In the 1980s, the first observed incidents occurred of coral reefs turning white over extended areas. Scientist Ove Hoegh-Guldberg discovered the cause. Corals are animals related to jellyfish and anemones. Their polyps take food from the water but they also depend on symbiotic algae which provide them with an additional food source through photosynthesis. Under heat stress, corals expel these algae, leaving their tissue a ghostly white. Without their algae, corals slowly starve, and may die. By the time of the first global bleaching event in 1998, Hoegh-Guldberg was able to predict that as early as the 2020s some reefs could be bleaching six or more times a decade - far too frequent to give them time to recover. The scientist was branded an ‘alarmist’. But in 2018 a landmark review by the Intergovernmental Panel on Climate Change (IPCC) found that if the earth warmed by 1.5C above pre-industrial levels this “will result in the further loss of 90% of reef-building corals compared to today”.  

In March 2023, global sea surface temperatures started breaking records, and have stayed that way since. The warming impact of El Niño has further exacerbated the heating caused by fossil fuel burning. These extreme ocean temperatures have led to what is believed to be the worst planet-wide coral bleaching event ever. This is the fourth global bleaching event on record and the second in the last 10 years. A global bleaching event is declared when at least 12% of corals in each of the main ocean basins - Pacific, Atlantic and Indian - experience bleaching-level heat stress within a 12-month period.

Climate focus: Wildfires and megadrought in Chile

In the past days, wildfires have ravaged central Chile with a death toll of at least 131, and more than 300 people still missing at the time of writing. These fires are the most deadly, but not the first in recent years - six of the most destructive fire seasons on record in Chile have occurred in the past decade. Particularly notable are 2017 and February 2023 when fierce fires raged across the country killing dozens, injuring thousands, and leaving many people homeless. 

The fires come on the back of an extreme heatwave. Chile’s capital Santiago reached 37.3C on 31 January, the country’s third-highest recorded temperature in more than a century. This heatwave has affected large parts of the continent

On top of the long-term global heating trend, temperatures have been pushed even higher by El Niño. This summer heatwave was preceded by an extraordinary winter heatwave across much of South America. In August 2023, temperatures in the Chilean Andes rose as high as 38.9C in mid winter. 

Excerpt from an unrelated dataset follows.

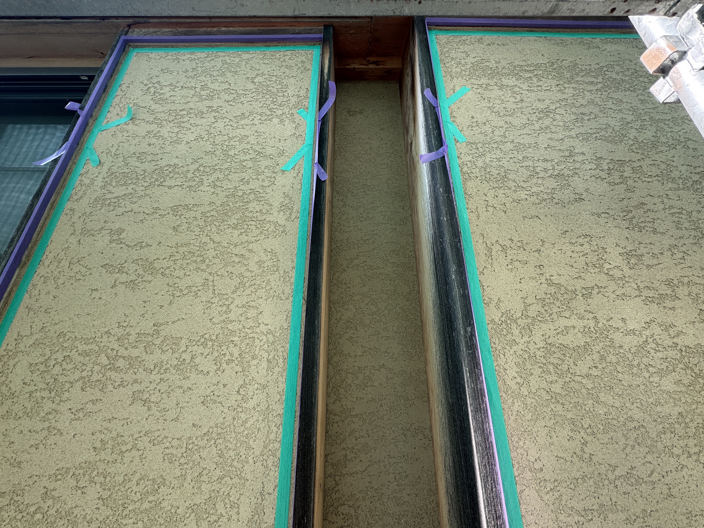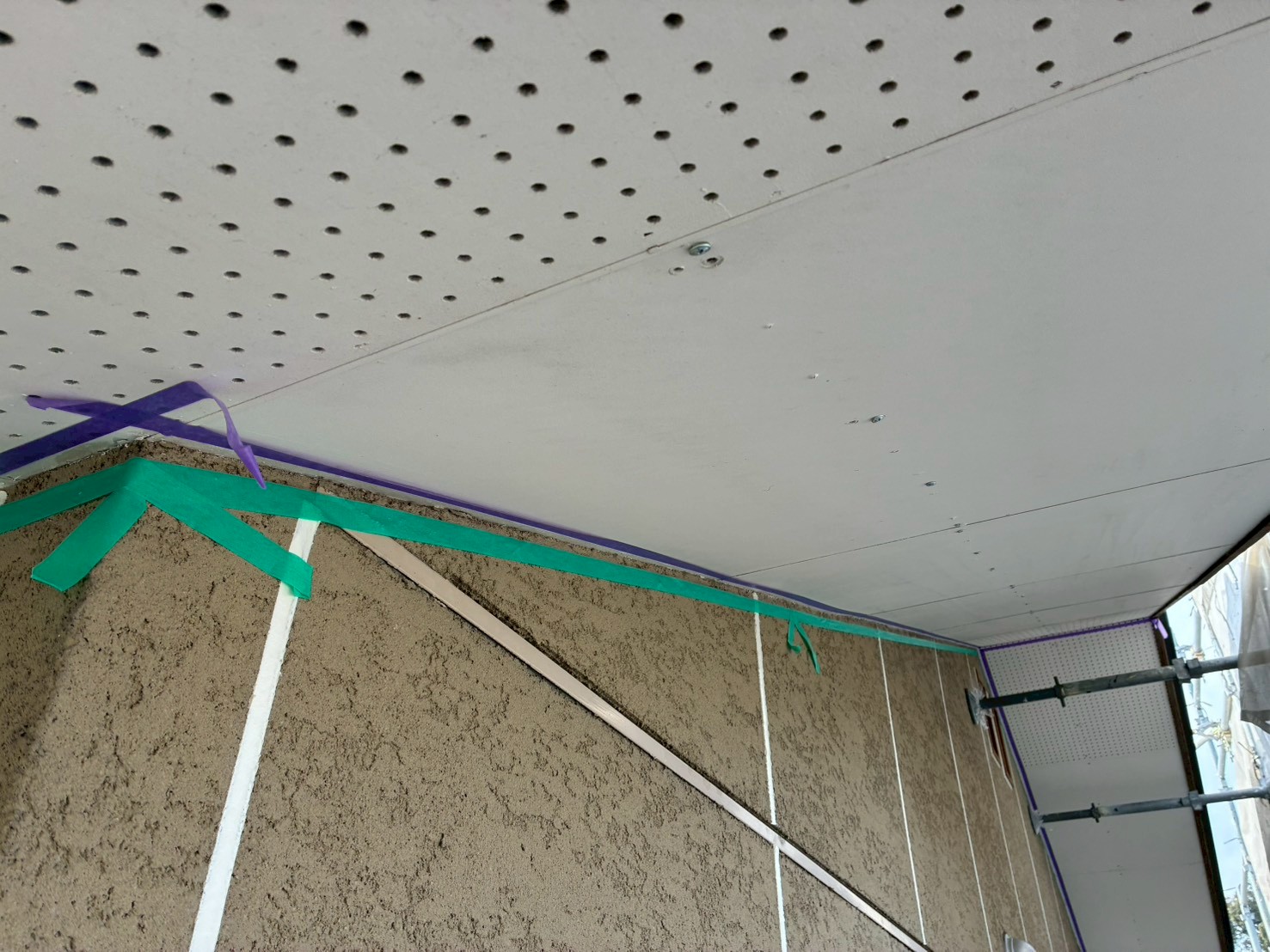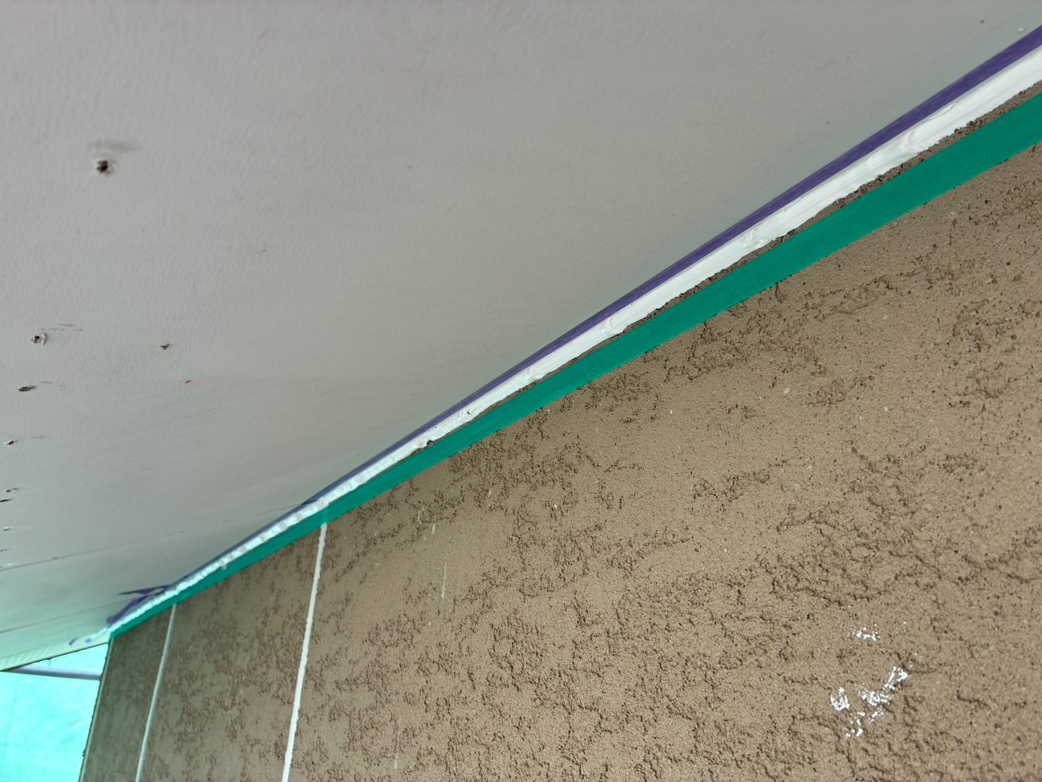 軒天井と外壁の入り隅にコーキングを増し打ちしています

The long-term trend is just as worrying. For over a decade, Chile has been grappling with a megadrought. This is a crisis of climatic change and lack of rainfall, but also a social and economic crisis of water management. Huge amounts of water are consumed by monoculture tree plantations to the south of Santiago and the avocado orchards in the north. Meanwhile the glaciers of the Andes continue to shrink. In 2022, water rationing was introduced in the capital, Santiago, the capital.